The characteristic rhythm is in 8/4 time, arranged as either 3/3/2 eighth-notes followed by 2/2/2/xx (the last beat being silent), or sometimes the first measure is played as 2/2/x1/1x. It is primarily performed by women.

==Turkish Figure Eight==
The Turkish Figure Eight is the movement of the hips in opposition on a horizontal plane. As one hip moves forward, away from the body, back, and then the back to center; the other hip moves back, into the center, forward, and then away from the body.

==Uzun Hava==
Uzun hava comes from the Turkish for long air. This refers to a vocal solo in Turkish music that has no rhythm or measure, and is often improvised. It is conceptually equivalent to the Arabic taqsim. It is generally associated with folk music of the southeast of Turkey. Generally, the singer improvises with long sorrowful notes in the middle of the song.

==Wahda wa noss==
Arabic rhythm with two distinct parts meaning 'one and a half' used in Egyptian baladi dance.

==Zar==
Zār or Zaar (Arabic/Persian: زار) is a religious custom. It apparently originated in central Ethiopia during the 18th century, later spreading throughout East and North Africa. Zār custom involves the possession of an individual (usually female) by a spirit.

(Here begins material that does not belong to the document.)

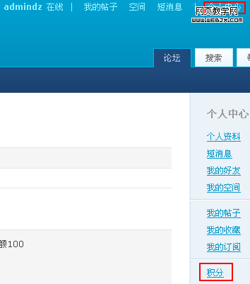 会员登录论坛前台 => 个人中心 => 积分,如下图所示:
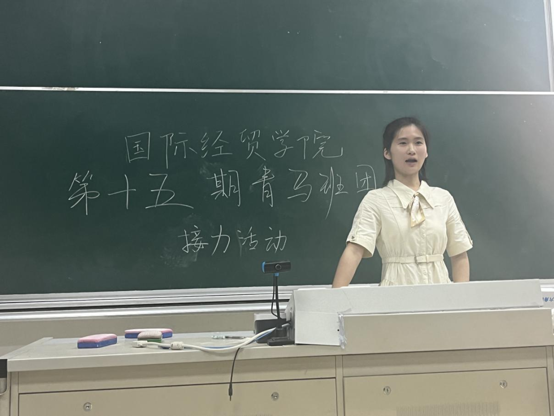 第十五期青马班于德经楼101教室举行了党史学习教育、团课接力主题活动。各小组分别派代表进行了团课分享。

It is also observed in Egypt, Sudan, Somalia, southern Iran, India and elsewhere in the Middle East.

==Zar Head==
Zar Head refers to the belly dance move where the head is rotated in circles throwing the hair in imitation of the zar ritual.

==Zill==
Zills, also sājāt (صاجات) in Arabic or finger cymbals, (from Turkish zil, "bell" or "cymbal") are tiny metallic cymbals used in belly dancing and similar performances.